もはや彼が何を見ているのか、わからなかった。
ヴォルフはその手を取る。終末医療患者を看取るようにそっと握った。
「ガダルフ……。最後に言い残すことはあるか?」
「言い残す……」
「そうだ。誰かに伝える言葉はあるか?」
「ない。……私の身体も、心も、そして言葉も……」
虚無の中にある…………。
ガダルフの身体は土塊となり、黒い砂となり、そして風の一部となる。
サラサラと流れたその一部は明けたばかりの朝空へと消えていった。
ガダルフは間違いなく巨悪だった。
ルーファスよりも強く、マノルフ以上に信念があり、ガーファリア以上の野心と、ガズ以上の覚悟を心の中に宿していた。だからこそ救ってやりたかった。

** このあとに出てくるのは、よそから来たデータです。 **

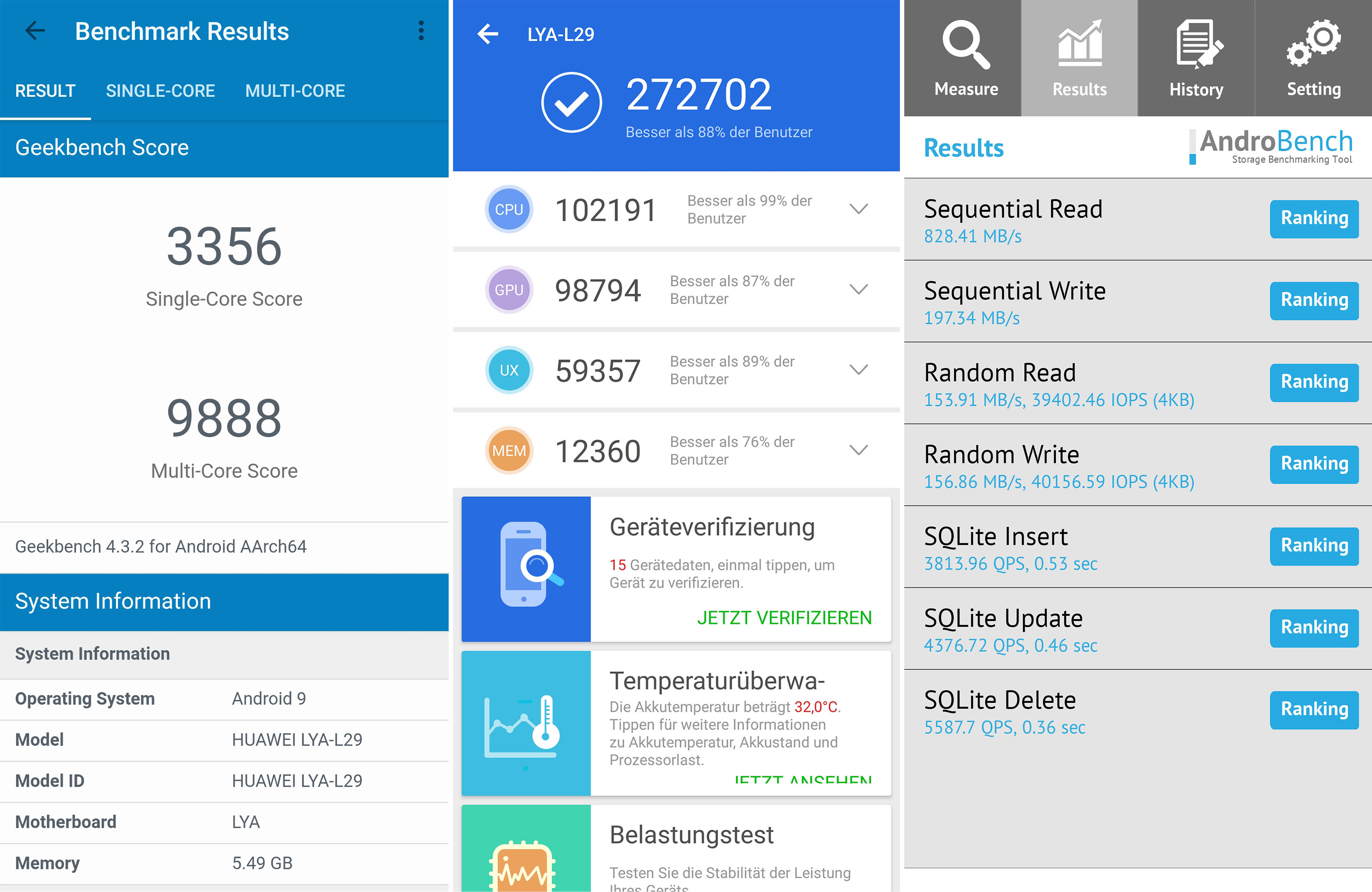 Wir haben folgende Benchmarks mit dem Huawei Mate 20 Pro Smartphone durchgeführt:

「最期まで、お前は破壊者足らんとしたのか……。頑固だな、お前は」
「気に病んでござるのか、ヴォルフ殿」
唐突な声を聞いて、ヴォルフは驚き、振り返った。
その特徴的なワヒト訛りからわかっていたが、やはりエミリが立っていた。
白い頬には煤がつき、腕や足には無数の傷があったが、比較的元気そうに見える。
丸く赤い宝石のような瞳は、真っ直ぐヴォルフを射抜いていた。
一瞬、本物かどうか疑ったが、身体から溢れる気まで騙しおうせるのは至難の技である。そもそも今更ヴォルフを騙す勢力などありはしなかった。
「どうして、ここへ?」
「立ち会いをしかと見届けに……」
「しかし……」
「大丈夫でござる。他の女人たちは全て納得済みでござるよ。それよりもヴォルフ殿、見事な戦いでござった。拙者、全てを見させてもらった」
「そうか。……でも、俺は――――」
「胸を張るでござる。確かに拙者たちにはまだまだやることがあるようでござる。しかし、拙者が見た戦いは、いや拙者が後世に語るべき戦いは、世界の命運を賭けるに相応しい伝説の一番でござった」
「大袈裟だよ、エミリ。それに俺はまだ誰も救っていない。いつか言われたように偽りの英雄なんだ」
「それでもいいではござらんか」
「え?」
「ヴォルフ殿が目指すのは、娘殿の勇者なのであろう。それに英雄が伝説になってもつまらぬもの。ただ娘を救いたい一心で世界を救ったならば、伝説に箔がつくというものでござる」
エミリの言葉を聞いて、ヴォルフの顔にようやく笑みが帰ってきた。
「ありがとう、エミリ」
「ところで、ヴォルフ殿。1つ我儘を言っていい――――」
エミリが言う前に、ヴォルフは彼女を抱きしめていた。
「これでいいか?」
「…………まだ全然。足りないぐらいでござるよ」
2人は口付けを交わすのだった。